==== Given records

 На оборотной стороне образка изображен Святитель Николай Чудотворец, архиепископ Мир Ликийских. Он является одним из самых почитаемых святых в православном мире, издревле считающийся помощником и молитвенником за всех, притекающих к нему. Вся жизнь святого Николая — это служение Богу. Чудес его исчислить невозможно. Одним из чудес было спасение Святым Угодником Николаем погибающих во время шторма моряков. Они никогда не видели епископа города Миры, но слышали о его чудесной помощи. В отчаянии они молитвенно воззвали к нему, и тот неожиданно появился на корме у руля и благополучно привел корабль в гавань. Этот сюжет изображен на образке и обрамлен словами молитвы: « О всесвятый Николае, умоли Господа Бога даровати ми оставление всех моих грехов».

========
==== Given records

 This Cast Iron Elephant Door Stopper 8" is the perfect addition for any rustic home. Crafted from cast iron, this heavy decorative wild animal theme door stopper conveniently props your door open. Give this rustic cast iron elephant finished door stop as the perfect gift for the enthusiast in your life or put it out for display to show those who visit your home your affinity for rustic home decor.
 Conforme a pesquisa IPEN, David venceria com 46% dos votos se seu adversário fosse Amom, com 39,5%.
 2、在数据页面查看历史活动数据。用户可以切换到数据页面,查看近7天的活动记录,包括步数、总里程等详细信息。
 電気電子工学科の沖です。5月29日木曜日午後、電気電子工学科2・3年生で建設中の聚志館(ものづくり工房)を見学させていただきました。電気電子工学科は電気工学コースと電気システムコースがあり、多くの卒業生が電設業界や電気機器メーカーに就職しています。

========
==== Given records

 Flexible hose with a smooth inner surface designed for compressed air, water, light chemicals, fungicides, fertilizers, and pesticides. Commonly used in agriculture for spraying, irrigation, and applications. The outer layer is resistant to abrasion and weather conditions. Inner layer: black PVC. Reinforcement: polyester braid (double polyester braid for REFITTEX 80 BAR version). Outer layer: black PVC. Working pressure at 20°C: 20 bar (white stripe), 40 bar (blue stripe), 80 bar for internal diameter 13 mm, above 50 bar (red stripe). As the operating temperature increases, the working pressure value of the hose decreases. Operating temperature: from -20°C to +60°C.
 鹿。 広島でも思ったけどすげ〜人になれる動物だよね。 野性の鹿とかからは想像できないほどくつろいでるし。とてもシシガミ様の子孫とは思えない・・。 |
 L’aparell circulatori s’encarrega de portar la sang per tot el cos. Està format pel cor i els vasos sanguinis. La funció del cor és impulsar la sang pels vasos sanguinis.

========

[Work to be completed]:
From the entries above, restate word for word the lines from the line containing "2、在数据页面查看历史活动数" to the line containing "電気電子工学科の沖です。5月", both ends included, and nothing more.

[Exercise result]:
 2、在数据页面查看历史活动数据。用户可以切换到数据页面,查看近7天的活动记录,包括步数、总里程等详细信息。
 電気電子工学科の沖です。5月29日木曜日午後、電気電子工学科2・3年生で建設中の聚志館(ものづくり工房)を見学させていただきました。電気電子工学科は電気工学コースと電気システムコースがあり、多くの卒業生が電設業界や電気機器メーカーに就職しています。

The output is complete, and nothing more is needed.